# converters, pumps, etc...????



## wickford (Mar 21, 2008)

I've only done one fountain pen, and I like it very much, but I don't know anything about some of the terms.  Can anyone summarize, or guide me to someplace I can learn more?  My first was a Ligero, but when it runs out of ink, I'm not sure what to do.  I see references to pumps and converters and stuff, but I have no clue what they are or how to use them.  Help!!

Also, I've found that the nib seems to be a little too big for my writing style.  Can I change it out to a finer point?  Any ideas where I can get all this stuff???

Thanks for any responses!!!


----------



## bosipipes (Mar 21, 2008)

http://www.turchetta.com/goldennib/
and
http://www.heritagepens.com/products.asp?cat=28


----------



## Firefyter-emt (Mar 21, 2008)

Here is the biggest selection of info in one place about diffrent filling systems.
http://www.richardspens.com/?page=ref_info/vac_diaphragm.htm

As for your Ligero, it depens if you have a throw away refill in the pen or a converter. Most likly you just have the refill.  You can go as easy as just buying new refills, but that gets old fast.  It just came to light about possiable problems with the Schmidtt converters that are sold for our kits.  However, Lou has some better converters that are better looking and will fit. The cost in fact, is about the same and well worth the price.

I do suggest you flush the pen and new converter with a water to ammonia solution (90% water to 10% ammonia) to clean and flush the pen and the new converter.  The converter will fit in the pen just like the refill, but allow you to use bottled ink. 

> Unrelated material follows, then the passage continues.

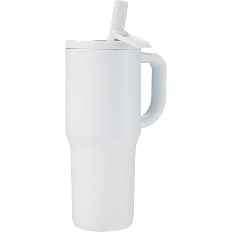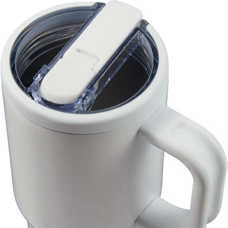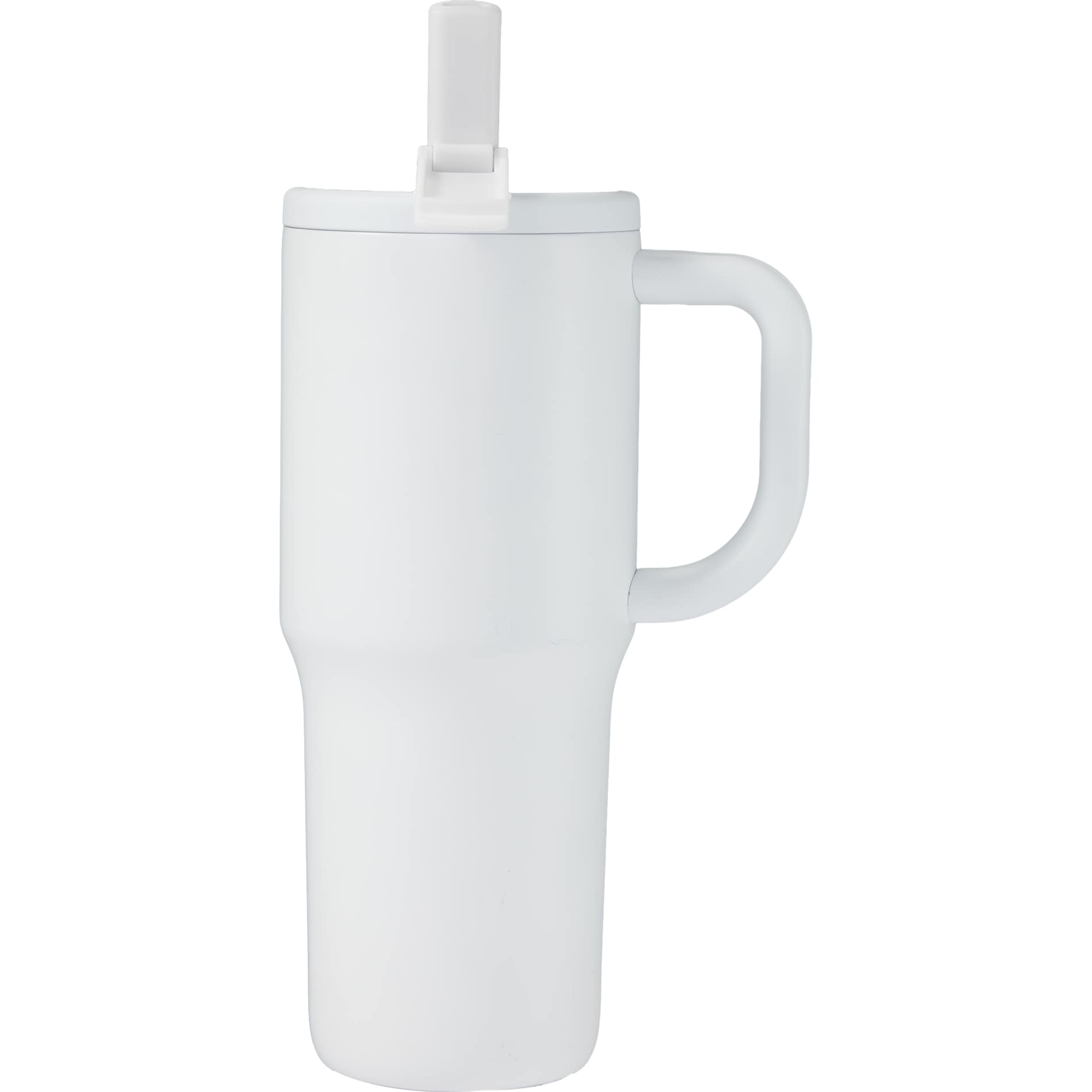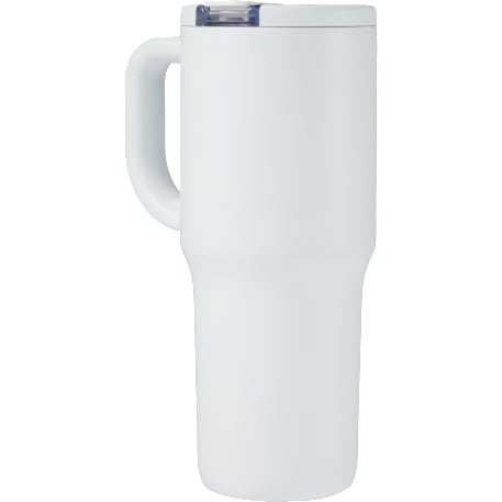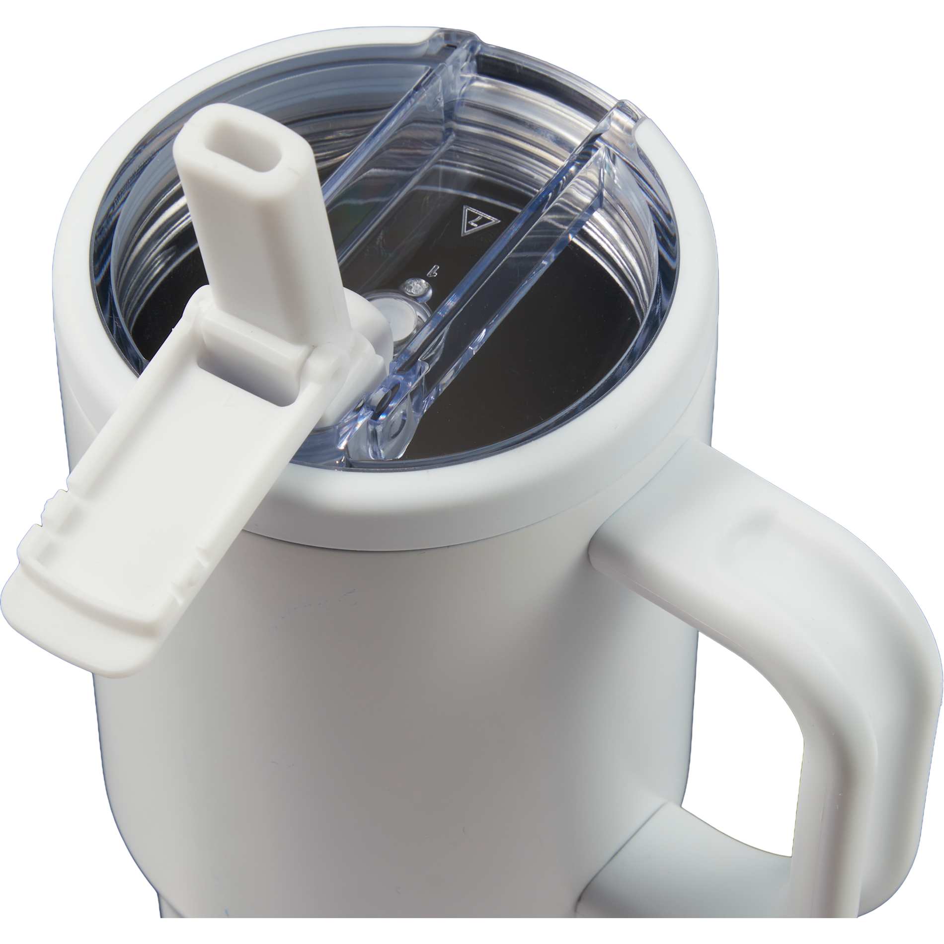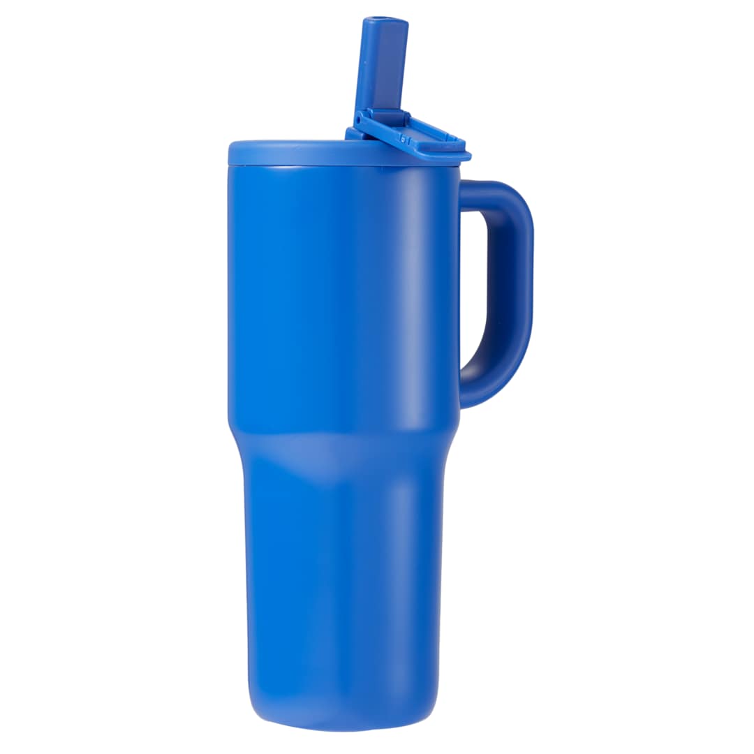 The new Alpine travel Mug is here to hydrate more and refill less. A very comfortable, extremely durable handle takes it to the next level, and the large size can go anywhere, even fitting most cupholders. Double-wall insulation ensures cold stays cold up to 15 hours, and the flip-straw is easy to sip. Built-in straw cap ensures the nozzle stay personal hygiene preventing from the dirt, gems etc. The screw-on lid is splash-resistant. Stylish solf-touch color popping rim helps you screw on or off the lid but still keep the see-through feature on top. It comes with the trendy color drenching look. The inner wall is made from 91% post-consumer recycled 18/8 stainless steel with vacuum insulation. Hand wash only. 30oz.

Bottled ink is much more for your dollar, in fact one could make the point that it is enviromentaly friendly. The fountain pen itself is not tossed in the trash when empty, not is the ink delivery mechanics. The ink itslef is in a glass bottle that can be recycled as well. [] 

I recomend that you take advantage of the ink sample program at: http://shop.peartreepens.com/main.sc for just $4.00 shipped you can buy four samples of ink to test out colors and brands. Noodlers has the best bang for the buck, my favorite writing inks are Visconti and Diamine.  If you want to ask me to recomend one based on a color range, just ask. 

The Ligero has the larger nib and I "think" that Lou has the larger nibs with diffrent width lines if you look into it.


----------



## Texatdurango (Mar 21, 2008)

The best thing you can do is grab a cup of coffee, set back, relax and click on this forum.  Starting with the oldest thread, read foreward since most threads are short and have some valuable info.  After just an hour of reading you will be able to talk fountain talk with the best of them.  There was a thread just the other day about the Ligero and how to overcome it's refill problems.


----------